Friday, August 12, 2005

The Proper Way To Honor Our Brave Soldiers......

......

In todays Wall Street Journal, Daniel Henninger writes about the tribute recently given to those Marines from the Third Battalion-25th Regiment -- "the 325th.". 19 of these soldiers gave the ultimate sacrifice last week during a raid around the Euphrates river in Iraq. What was noticeably absent from the tribute is what is worth mentioning. Mr Henninger writes-

"The politics of the Iraq war wasn't much on view amid the memorial fence's American flags, flowers, football jerseys, photographs, poems and Marine memorabilia. But someone had decided to put down on the ground an article published just three weeks ago in the News-Herald, a nearby newspaper. "All I can ask," wrote Marine Cpl. Jacob Arnett, who is still on duty in Iraq, "is that the American people be given more than the bombings and daily death toll, because we are giving much more than that for Iraq. ""

Again and again I hear this mentioned by soldiers returning from Iraq. "Why is the press only reporting on when we get killed?" "Why won't they mention when we save Iraqi's from getting killed, or when we build new hospitals?" Aside from Arthur Chrenkoff, this is unfortunately the case. Every morning, even in the Wall Street Journal, the first page lists the number of people killed from the previous day. If none were killed, it lists the ways in which the "insurgents" are preparing for another attack on some innocent children. Insurgents indeed. They are bloodthirsy killers, but I suppose that would be too politically incorrect these days to call them that.

On top of this incredibly misguided trend from the fifth column, we have the latest liberal drooling over Cindy Sheehan, the mother of a soldier killed in Iraq. I won't go in to too much detail here as Jeff over at Protein Wisdom has the hypocrisy covered well enough here and here. Mrs. Sheehan has a right to grieve as any mother should over the loss of her son. But the tragedy is that there are those who are using her grief for their own partisan gain, whether she is willing to let them or not.

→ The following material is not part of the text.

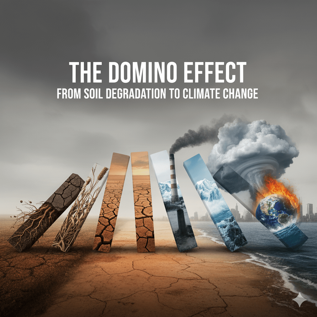 When soils degrade, their carbon-holding power collapses. Instead of absorbing CO₂, they release it back into the air. Soil stores nearly three times more carbon than the atmosphere but only if we protect it.
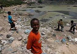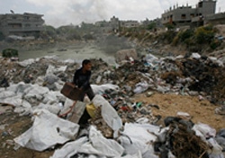 | ガザ市北部郊外のサフタウィで、下水池の上に浮かぶゴミの山から、ペットボトルや金属など売れそうな物を集める子どもたち。 |

To further illuminate my point, I bring up the news from last week about the death of the US Journalist Steven Vincent, who was working tirelessly to be the anti-press on the ground in Iraq, laying his life on the line and paying the ultimate price for it. In his passing one would hope his message gets through to the rest of the press corps-from an interview with Mr Vincent in Frontpage Magazine..

WORDS MATTER.


"The most despicable misuse of terminology, however, occurs when Leftists call the Saddamites and foreign jihadists "the resistance." What an example of moral inversion! For the fact is, paramilitary death squads are attacking the Iraqi people. And those who oppose the killers -- the Iraqi police and National Guardsmen, members of the Allawi government, people like Nour [an Iraqi woman who assisted him] -- they are the "resistance." They are preventing Islamofascists from seizing Iraq, they are resisting evil men from turning the entire nation into a mass slaughterhouse like we saw in re-liberated Falluja. Anyone who cares about success in our struggle against Islamofascism—or upholds principles of moral clarity and lucid thought—should combat such Orwellian distortions of our language."

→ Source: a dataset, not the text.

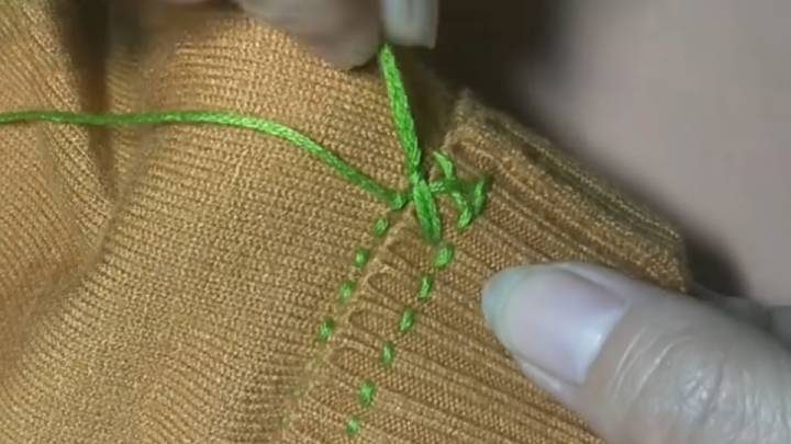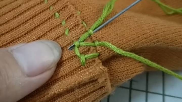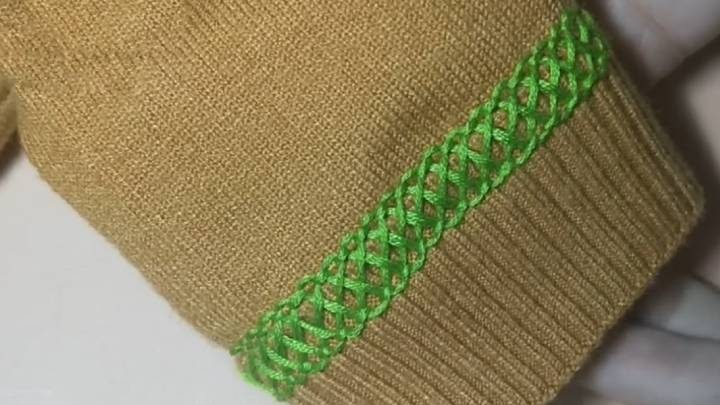 Для второй идеи точно так же подготовьте нитки мулине и штопальную иглу. Загните рукав вверх. Проложите первую строчку швом «вперёд иголка», отступив от края 1 см. Затем перейдите на сам рукав. Вторую строчку таким же швом проложите не параллельно, а в шахматном порядке.Разверните иглу, введите её тупым концом в нижний правый стежок, затем — в следующий стежок в ряду слева. Выведите наверх, под центральный стежок. Перейдите к следующему стежку сверху слева. Вставьте иглу вновь во второй стежок снизу (по диагонали), перейдите к следующему нижнему.

And as usual, I bring you a Cox and Forkum to further illustrate the point......



We must remember that the US Military has already technically "won the war" in Iraq. But we haven't "won the peace" yet. It took us years to rebuild Japan and Germany after they were defeated in WWII, and technically we're still there. And we it will only take longer for us to get Iraq back on its feet and bring our toops home if our own press and politicians continually give moral support to bloodthirsty killers by rationalizing their acts as "resistance".

The tribute in Ohio shows that there are Americans out there who do understand what we are fighting for, and uphold those who pay the ultimate sacrifice as the heroes they are.

If only we didn't have to go to Ohio to see it.